===== Dataset excerpt

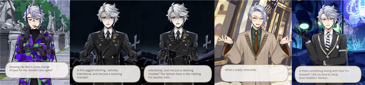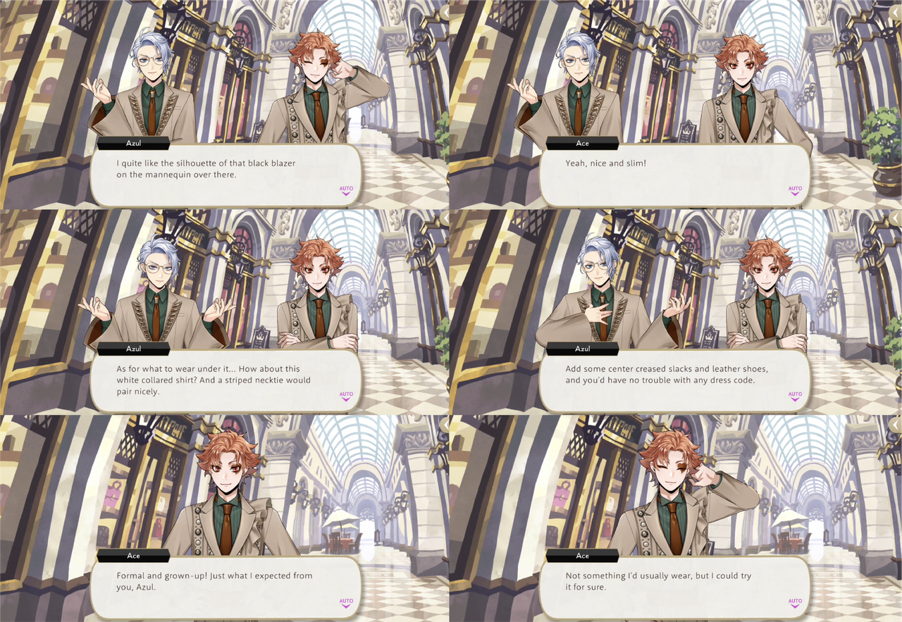 Ace asks Azul to pick out an outfit for him in the Fairest City and Azul suggests a black blazer with a “nice and slim” silhouette, a white collared shirt, a striped necktie, center-creased slacks and leather shoes.
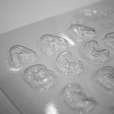 | 素材 | ポリエチレン(耐熱温度65度)下敷きのような素材なのでカタチによって真っ平らにはならず、机でカタカタいう場合がありますが、凹みに入れたチョコが流れ出ませんので良品となります。 |
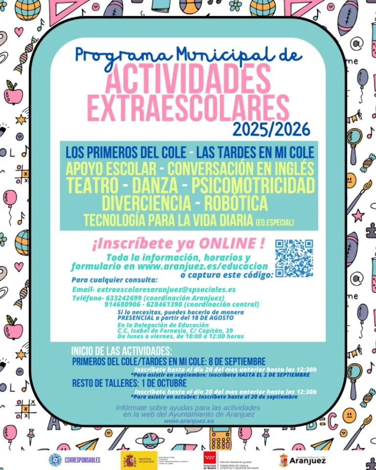 Para más información sobre el programa y el proceso de inscripción, queda a disposición el teléfono 914 680 906 o el correo electrónico extraescolaresaranjuez@spsociales.es
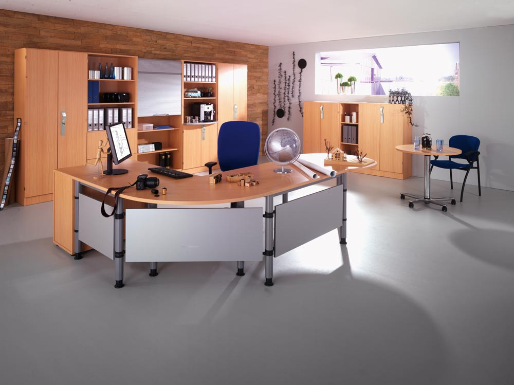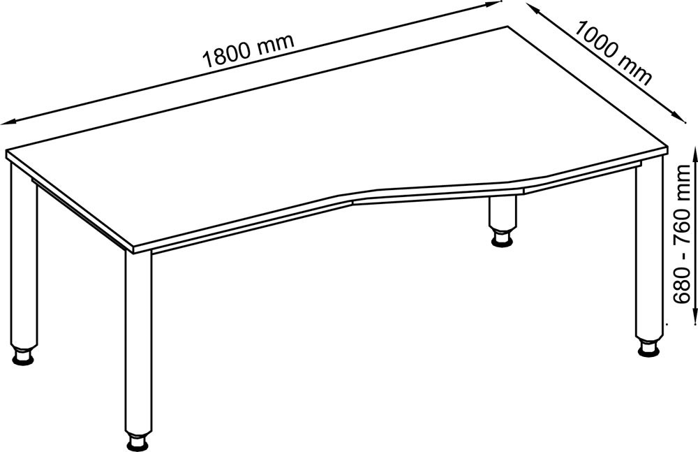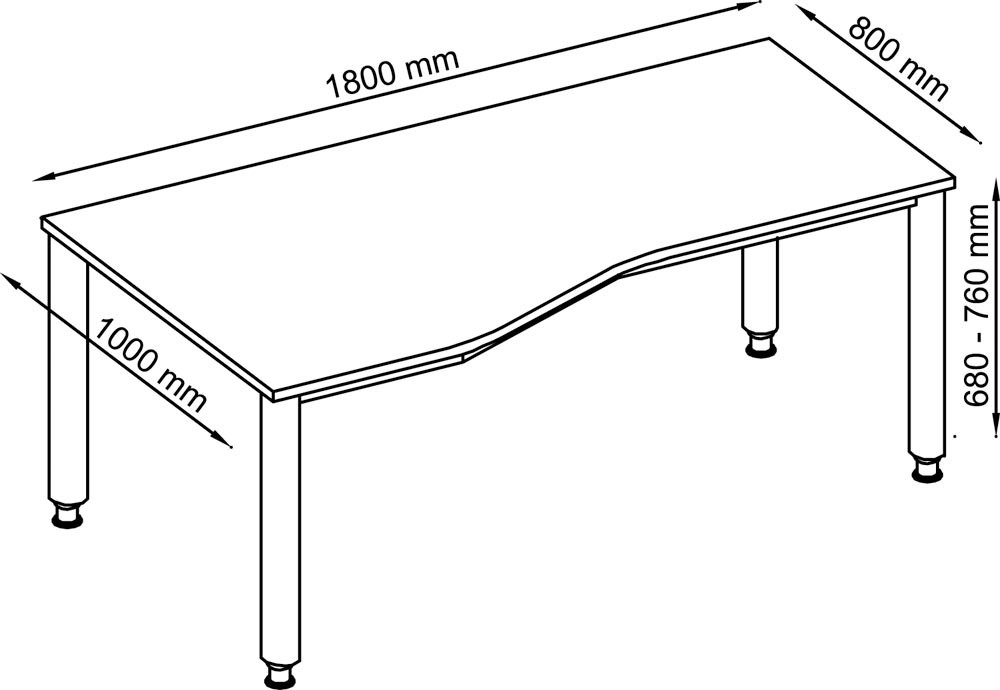PC-Schreibtisch, BxTxH 1800x800-1000x685-810 mm, höhenverstellbar, 4-Fuß-Gestell, Platten-/Gestellfarbe buche/silber E1981070

==========

Please give the data again unaltered, leaving out any images.

 Ace asks Azul to pick out an outfit for him in the Fairest City and Azul suggests a black blazer with a “nice and slim” silhouette, a white collared shirt, a striped necktie, center-creased slacks and leather shoes.
 | 素材 | ポリエチレン(耐熱温度65度)下敷きのような素材なのでカタチによって真っ平らにはならず、机でカタカタいう場合がありますが、凹みに入れたチョコが流れ出ませんので良品となります。 |
 Para más información sobre el programa y el proceso de inscripción, queda a disposición el teléfono 914 680 906 o el correo electrónico extraescolaresaranjuez@spsociales.es
PC-Schreibtisch, BxTxH 1800x800-1000x685-810 mm, höhenverstellbar, 4-Fuß-Gestell, Platten-/Gestellfarbe buche/silber E1981070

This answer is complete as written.